She sat there alone, and the statue towering above her slowly darkened against the sky, became a menacing black shape, striding above the tops of the shrubbery trees. She faced and suffered her solitariness; braved out the agony of longing she now felt for someone to be sitting beside her to whom she could communicate her bitter loneliness. This desire for compassion was so overwhelming that her heart seemed to contract. She held her breath for seconds together and tightened her lips. When she heard someone coming towards her, she looked up and found the sky was dark. A park attendant came into the shrubbery, shouting. “All out, now! All out!” Angel stood up hurriedly and as she brushed past him, he said “Are you all right, Miss?” For she looked ill, he thought, or in some trouble; or both. But she did not answer him. She almost ran towards the Park gates, as if she could fly away from what she had suffered there, leave it up there, the pathos of her solitariness, with the lion and the dusty evergreens and the dark sky.

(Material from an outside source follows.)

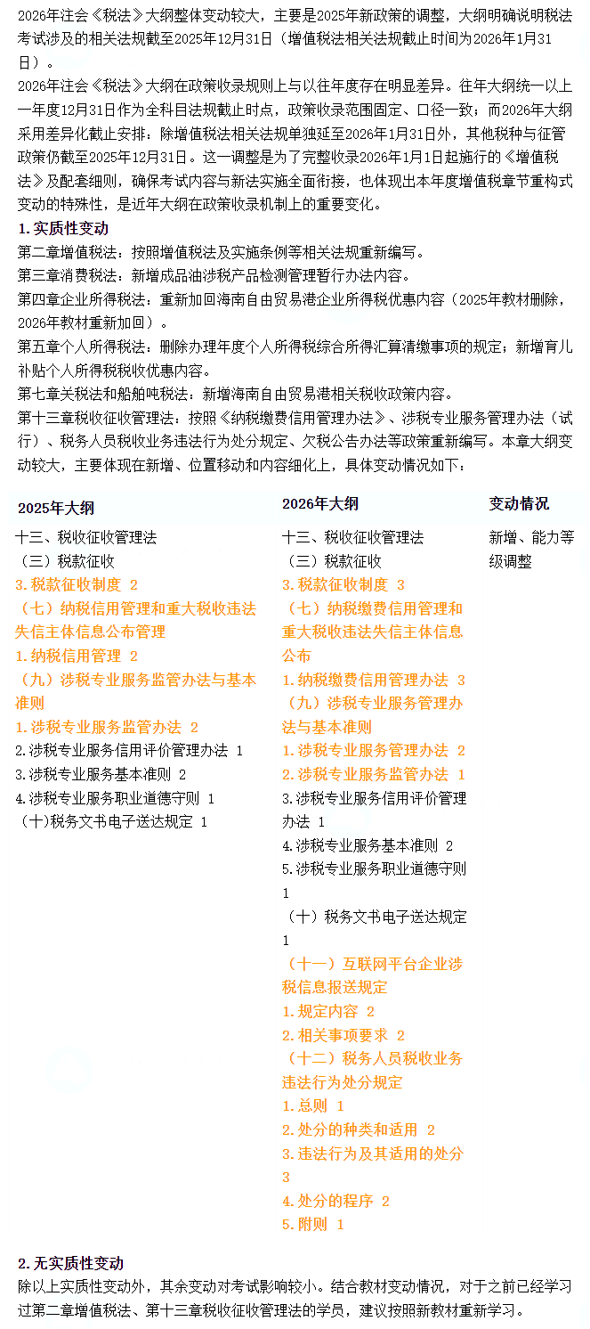 因大纲变动,现阶段的学习可以先跳过上述教材变动部分,等到2026年教材下发后再进行学习。不过近几年大纲和教材几乎同步下发,税法政策变化是有规律可循的,我们前期的课程已经尽可能考虑到了由于政策变化导致的调整,基本不会影响到大家的学习,大家可以在新教材下发后根据我们发布的课程正常安排学习。

In the weeks that followed, her fortitude returned. Aunt Lottie came as usual and directed her remarks at Angel rather than to her. Angel continued with the writing in which nobody but herself believed.

In the early summer, a letter came from Gilbright & Brace. When she had read it, she had a delightful sensation of being lifted up, of rising towards the ceiling; her body seemed to have become as light as air; bliss flowed through her veins. She handed the letter to her mother, who read it through twice, looking suspicious at first, then bewildered.

“They want to print it?” she asked.

Angel nodded.

“What does it mean, thirty pounds?”

“What it says. That is what they will pay me in advance.”

“Are you sure? Thirty pounds! Oh, I wish I had your Dad here to advise me. I wish there was somewhere to turn for advice. I could ask the doctor, I daresay, or Mr Phippin at the Chapel. Don't you go and sign anything, Angel; not till we've asked. Goodness knows what trickery they may be up to. I can't help thinking it's you that's meant to pay, and where do they think I'm to lay hands on thirty pounds?”


They
mean to pay,” said Angel quite gently. “There's nothing to fuss about, mother.”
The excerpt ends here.